Yeah, I think about myself.

I haven’t done anything with my life. I haven’t done anything at all. I don’t even paint anymore. My writing is all shit. I work shit jobs. I live with shit people. I stay in my room that I don’t even bother to clean…and I worry.

What if I can’t get past this? What if I never paint anything again? What if I never find a reason to write anything beyond a few boring “I” statements about my shitty mood regarding my shitty life? What if I really am stupid and ugly and awkward and pathetic and there’s nothing else at all? I can’t seem to get my shit together. I can’t seem to see anything but shit with no sense of gathering it into concentrated shitty failure.

I crawled out of my room to go back to work for the second part of my shit split shift day, and I only go to my job to attempt to pay my bills; at least some of them. My housemate was out in the living room with the TV blaring and two men that always try to talk to me as much as she does. Her life is mine. She lives in the same shitty place and works the same sort of shitty job. Actually, her shitty job is too good for me. Her room is clean. She has dogs and cigarettes and men. Her life is much better than mine, because while it’s still rather shitty, she’s at home with her’s and lives it.

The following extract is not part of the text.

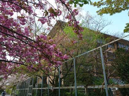 銅駝は、明治にできた京都府画学校の創立がスタートなので今年で139年、この場所で銅駝美術工芸高校としてスタートしてからは39年の歴史を歩んできました。銅駝が開校する前は銅駝中学校、その前は小学校があり、この校舎グラウンド自体が長い歴史を持っています。学校ホームページのブログの記事にも書きましたが、春休み中に80歳を過ぎたご年配の女性が、遠方からわざわざ銅駝を訪ねて来られました。その方は戦前この場所にあった銅駝尋常小学校の卒業生で、大切に残しておられた入学の時の写真を鞄から取り出し、見せてくださいました。それは今もある本館東側の藤棚の前で撮影されたもの。現在の本館は昭和初期の校舎、現在の藤棚も当時のまま大事に残されてきたことがわかりました。思い出の場所で記念写真をお撮りしましたが、感激してお帰りになりました。ちょうど本館の廊下教室の油引きをしてから2,3日経った日のことでした。油引きすることで、ほこりや汚れを防ぎ、板をしなやかにして、割れや痛みを防ぎます。尋常小学校の頃からこの校舎、床や廊下は、万を超える子ども、教職員が踏みしめてきたんだなあと考えると学校という場所の重みを感じます。

I have a stack of really old paintings in the hall that I’ve been meaning to take out to the shed to make room in my studio space for one project that I’m determined must get…started? The old paintings stack up in the hall, but it’s been raining and I’m depressed and have no ambition to clean the other room up and make it into a functional space. If I did, it would have happened months ago. My housemate’s guests commented on how good the paintings were, and I responded quite honestly that they weren’t. They’re crap. They’re complete and utter shit. They’re all turned to the wall so that no one has to look at them. They’re not even paintings. Their assignments and studies and aborted dreams. They’re loathsome things, but these people disagreed with me. Sigh…I wish I could see what they see, but I haven’t done anything in years. I didn’t even write a thesis paper to graduate. I put nothing but unfinished work in my gallery space, and I haven’t even done that much since my release. I haven’t had so much as a spark of genuine interest since before getting “sick” my first time through Sophomore year.

I wish I would just stop struggling if whatever I thought I had is already dead. Why do I stay here if I won’t even move in? Why did I come all this way? Why do I keep all this stuff I don’t even unpack? Why don’t I sell it? Why don’t I live somewhere cheaper if I really want to go back to school? What makes me think I want to go back? What difference will math make? What about Russia?

I can’t even find simple reasons to shower and eat…but it’s not apathy. It’s worse. It’s so much worse.